MOSES SUMNEY- “Grӕ”“Grӕ” è il nuovo progetto di Moses Sumney che è uscito in due parti, la prima il 21 febbraio 2020 in digitale, la seconda il 15 maggio 2020 sia in streaming che in formato fisico comprendente l’intero lavoro. L’opera segue a tre anni di distanza “Aromanticism”. Di Moses si parla ormai da tempo e sempre in termini entusiastici. Se un artista viene investito dai migliori aggettivi per descrivere la sua opera è evidente che ci troviamo al cospetto di un talento di livello superiore alla media.

Già solo osservandolo si è consapevoli che sia un personaggio che vive in un mondo proprio, completamente diverso da quello di noi comuni mortali. Ha una presenza angelica, ma al contempo statuaria, coperto di nero dalla testa ai piedi, scultoreo come un marmo di Carrara eppure in possesso d’un eleganza femminea, liquida, sfuggente. Ama la bellezza e gli estremi di una vita artistica appena iniziata. Impressionante la naturalezza con la quale si muove sul palco: manipola il suono tramite una loop station come fosse il direttore di un’orchestra jazz, e impiega senza apparente sforzo un’inusitata estensione vocale per inanellare falsetti ultrasonici che non s’incrinano mai. Un musicista totalmente immerso nella propria Arte, libero come il punk ed elegante come un quartetto d’archi settecentesco. Da un personaggio del genere non può che scaturire un suono d’aliena e incatalogabile bellezza.

Si è rinchiuso da solo per mesi in uno studio scrivendo parecchie canzoni e le ha divise in due album differenti. Ha pennellato melodie travolgenti, ha dato spazio ad una voce che sembra provenire da una dimensione aliena, in grado di controllare con disinvoltura disarmante ogni falsetto, che, badate bene, non è sfoggio di tecnica, ma espressione della sua anima. Il titolo, che significherebbe quella parte dell’animo umano tra il bianco e il nero, ma dal punto di vista dei suoni e dei temi questo disco ha più i crismi dell’esplosione di una scatola di colori. Se “Aromanticism” era spartano e minimalista, il nuovo è espansivo e caleidoscopico, un songwriting mutante nel quale chitarre, arpe, flauti, violini e marchingegni elettronici formano un folklore totalizzante, dal respiro ampio come l’umanità intera. La stranezza consiste nell’averlo fatto uscire in due parti, anche se solo ad ascolto completo l’opera prende davvero forma, tra torrenti sonori e interludi che ne separano idealmente le varie sezioni.
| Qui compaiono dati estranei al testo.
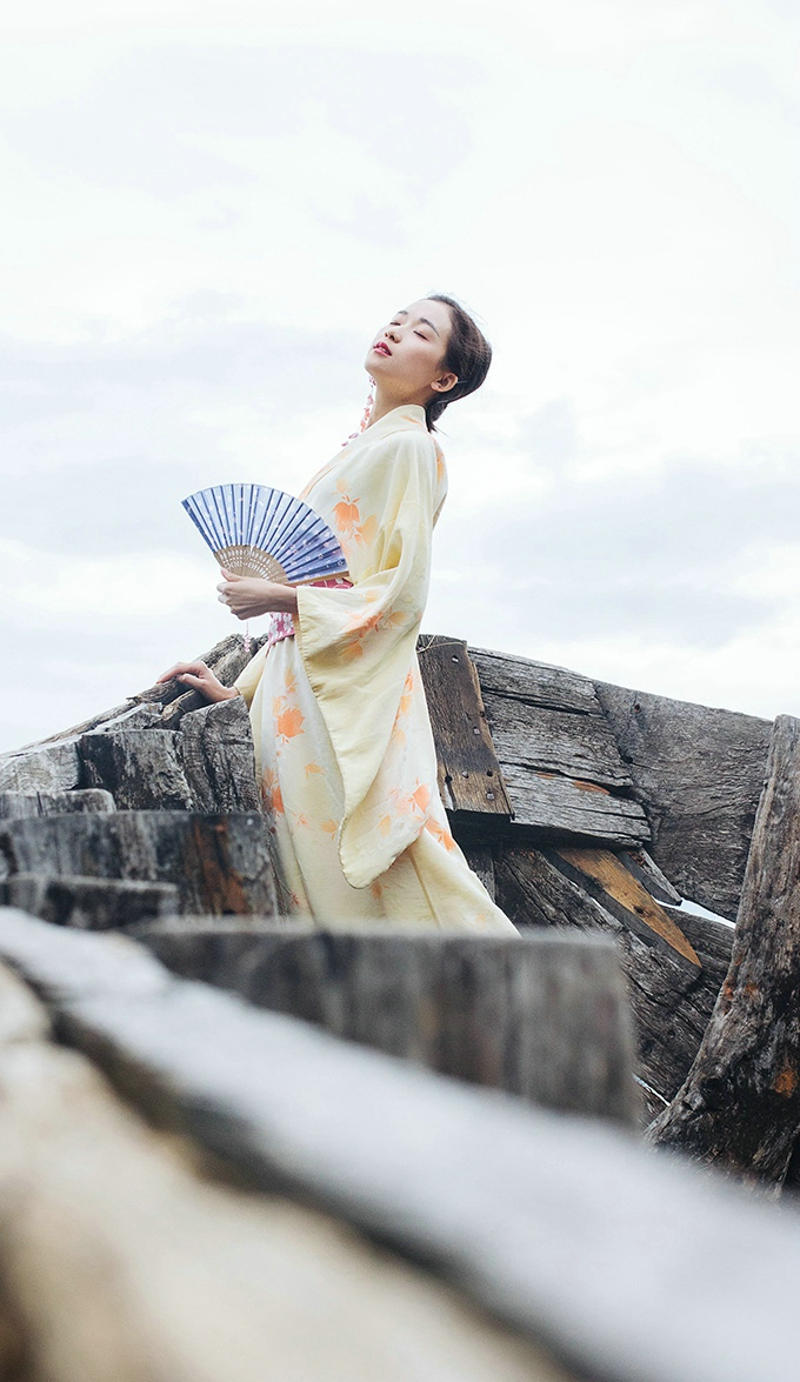 船头上的和服艳丽美女气质张扬写真

I brani di “Grӕ” sono differenti tra loro, come il primo singolo “Virile”, un viscerale dramma in stile Smashing Pumpkins, ma con il comune denominatore dell’inconfondibile voce di Moses. L’album vanta contributi eccellenti, per non dire stellari. Cos’altro potremmo dire di Daniel Lopatin aka Oneohtrix Point Never che condisce con sapienti incursioni elettroniche di stampo avant il disco? O del fenomenale nuovo portavoce del jazz britannico, il sassofonista Shabaka Hutchings, che recita un ruolo preponderante nel brano” Colouour” ? Il meglio per il meglio in altre parole, perché poi ascolterete anche il basso di Thundercat e James Blake, con cui è stato co-prodotto il brano “Bystanders”. Tutti ingredienti plausibili per introdurvi ad uno dei migliori dischi di questo tempestoso 2020.

Se scorriamo altri pezzi ci accorgiamo quanta diversità e perfezione si riesce a scorgere come nel jazz frantumato di “Gagarin”, nella dolente leggerezza di “Me in 20 years” e nella profonda intimità di “Lucky me”.

Ascoltatelo con profonda attenzione ed immersione perché questa meraviglia saprà durare nel tempo!!!